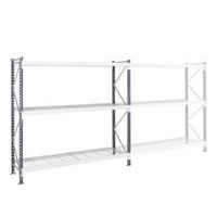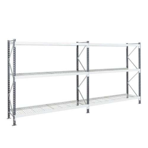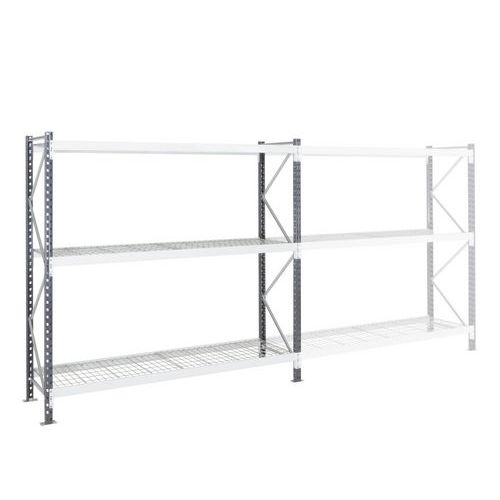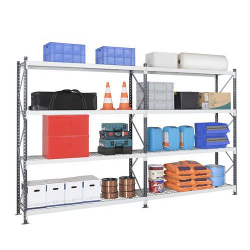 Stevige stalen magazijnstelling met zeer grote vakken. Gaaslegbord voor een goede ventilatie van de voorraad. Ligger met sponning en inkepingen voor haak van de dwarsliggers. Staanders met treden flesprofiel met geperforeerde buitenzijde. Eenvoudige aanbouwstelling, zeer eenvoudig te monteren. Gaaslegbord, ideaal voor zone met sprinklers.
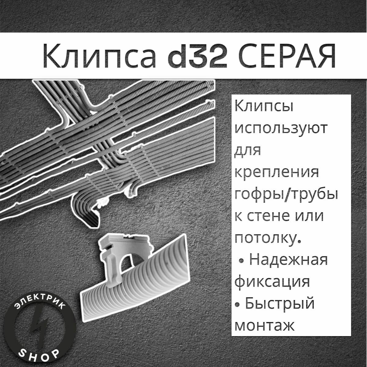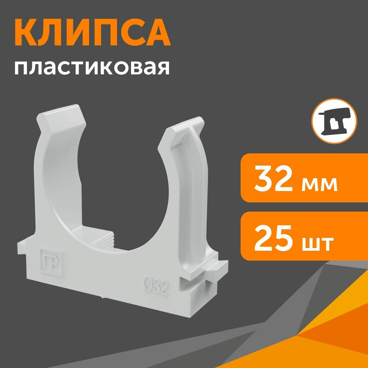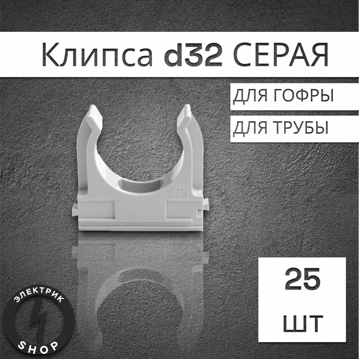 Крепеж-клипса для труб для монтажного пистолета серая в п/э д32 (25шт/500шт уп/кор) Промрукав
---
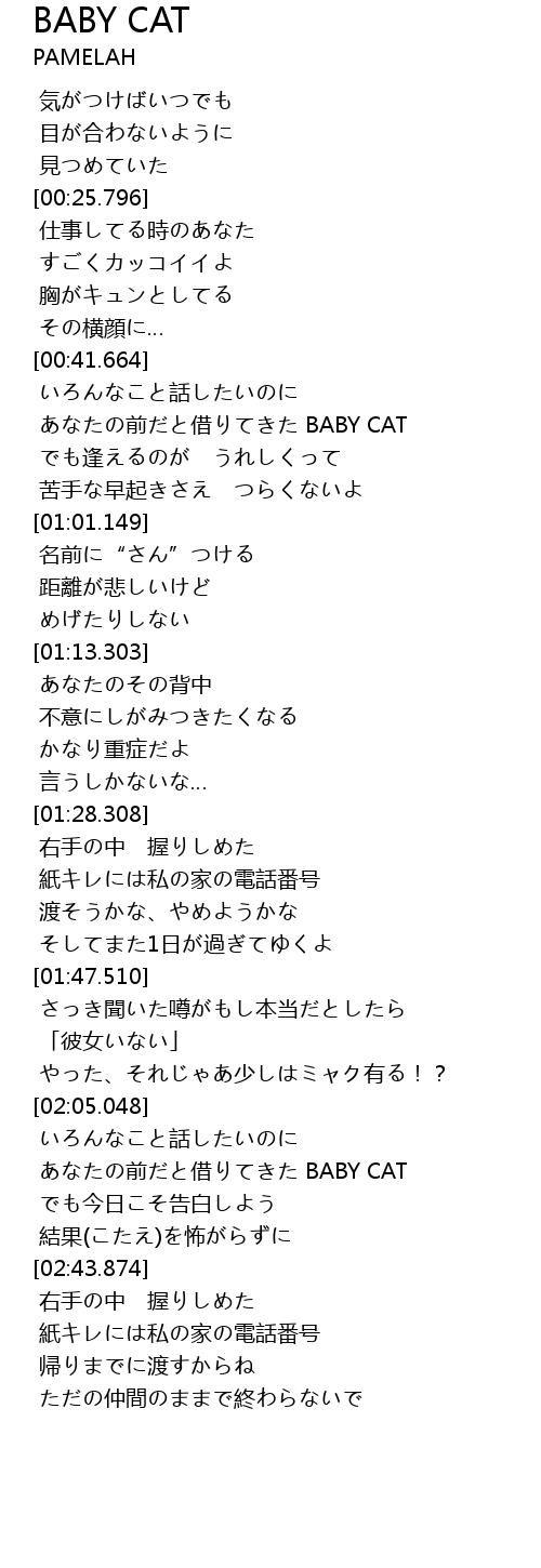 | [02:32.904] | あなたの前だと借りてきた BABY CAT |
--
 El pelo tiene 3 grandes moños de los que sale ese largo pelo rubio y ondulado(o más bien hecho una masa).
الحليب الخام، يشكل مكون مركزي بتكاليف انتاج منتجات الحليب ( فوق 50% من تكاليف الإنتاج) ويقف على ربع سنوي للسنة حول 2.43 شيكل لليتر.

Assignment
Look above for the line containing "Stevige stalen magazijnstelling" and the line containing "Крепеж-клипса для труб", then reproduce both and everything between them exactly, pictures omitted.

Output for this exercise
 Stevige stalen magazijnstelling met zeer grote vakken. Gaaslegbord voor een goede ventilatie van de voorraad. Ligger met sponning en inkepingen voor haak van de dwarsliggers. Staanders met treden flesprofiel met geperforeerde buitenzijde. Eenvoudige aanbouwstelling, zeer eenvoudig te monteren. Gaaslegbord, ideaal voor zone met sprinklers.
 Крепеж-клипса для труб для монтажного пистолета серая в п/э д32 (25шт/500шт уп/кор) Промрукав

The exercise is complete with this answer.